---------- Record set

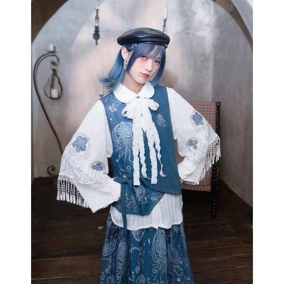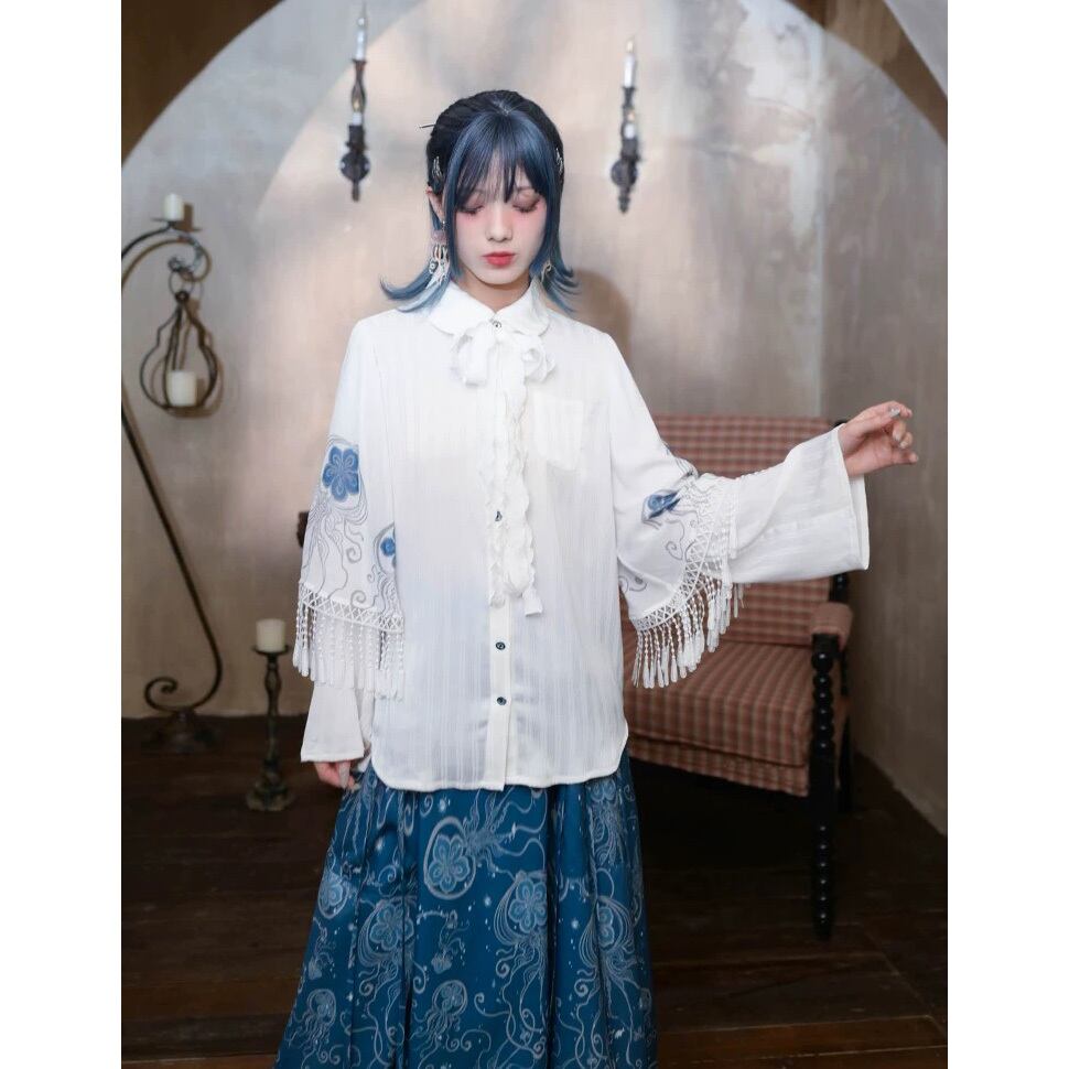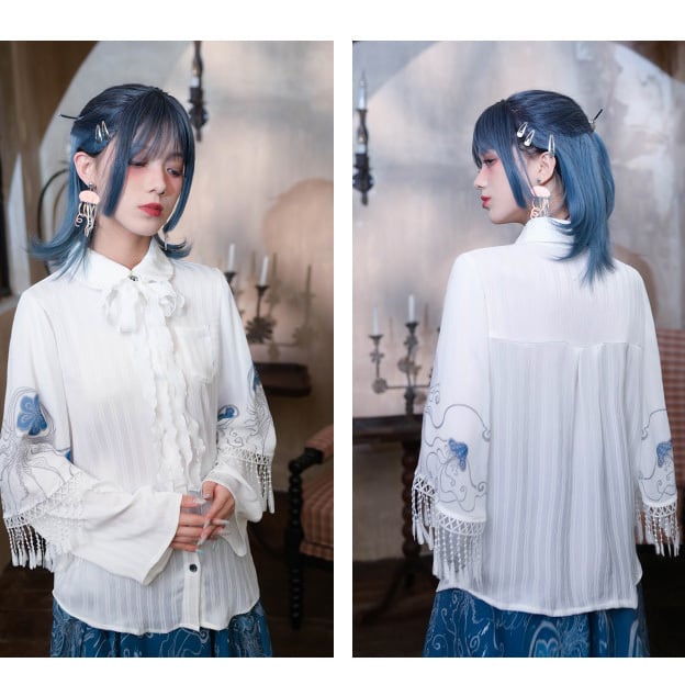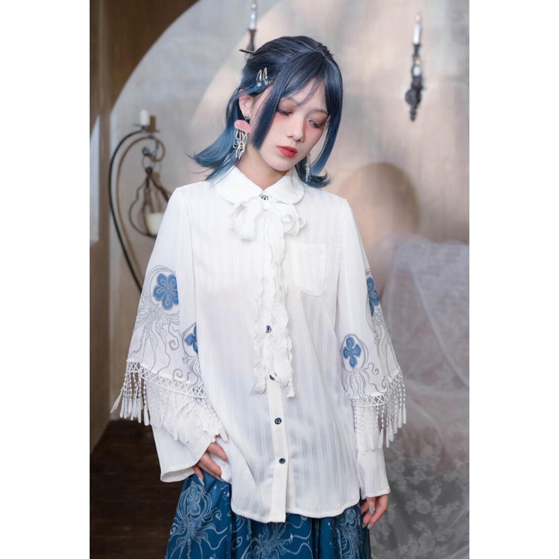 【之x古怪舎】★シャツ・青涙★ホワイト チャイナ タッセル 通勤 高級 レース
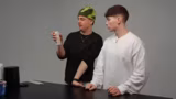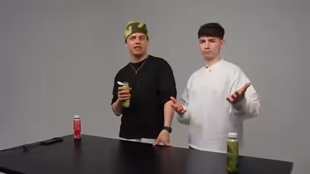 00:32:57Der Streamer testet Matcha-Getränke der Marke Nona. Zuerst wird "Skin Dream" mit Erdbeer-Hibiscus Geschmack getestet. Beide Tester empfinden den Geruch extrem negativ, der Streamer vergleicht ihn mit "Kotze" und "Babybrei". Der Geschmack wird als "abscheulich", "ekelhaft" und wie abgelaufene Müllermilch beschrieben, eine Note von 1/10 wird vergeben. Der "Strawberry Matcha" und der normale "Matcha Drink" werden besser aufgenommen, schmecken aber ebenfalls nicht intensiv nach Matcha und eher nach Hafermilch. Der "Strawberry Matcha" erhält eine Note von 2/10. Die Tester führen die negiven Bewertungen auf die hohen, nicht erfüllten Erwartungen durch das Produkt-Branding und den hohen Zuckergehalt zurück.
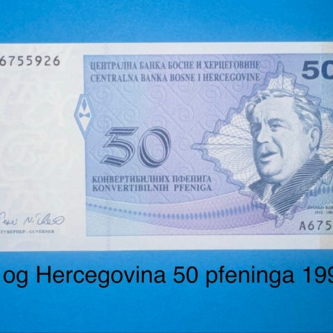 Bosnia og Hercegovina med pålydende verdi 5 konvertible mark. Usirkulert
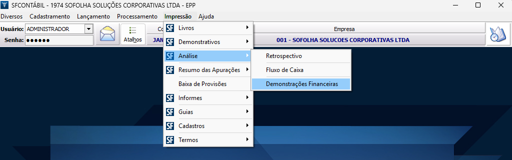 Para efetuar a impressão da Análise das Demonstrações Financeiras, siga os procedimentos abaixo:
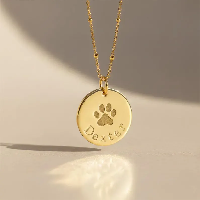 Remember your beloved pet with our custom-made paw print disc necklace! This exquisite pet jewelry, engraved with your pet's unique paw print and name, is a heartfelt tribute to your deep affection, allowing you to feel its presence every day.

--------------------

▶ Problem description
Please set down, exactly and with nothing added, the lines from the line with "Bosnia og Hercegovina" to the end of the entries above, omitting pictures.

▶ Output
 Bosnia og Hercegovina med pålydende verdi 5 konvertible mark. Usirkulert
 Para efetuar a impressão da Análise das Demonstrações Financeiras, siga os procedimentos abaixo:
 Remember your beloved pet with our custom-made paw print disc necklace! This exquisite pet jewelry, engraved with your pet's unique paw print and name, is a heartfelt tribute to your deep affection, allowing you to feel its presence every day.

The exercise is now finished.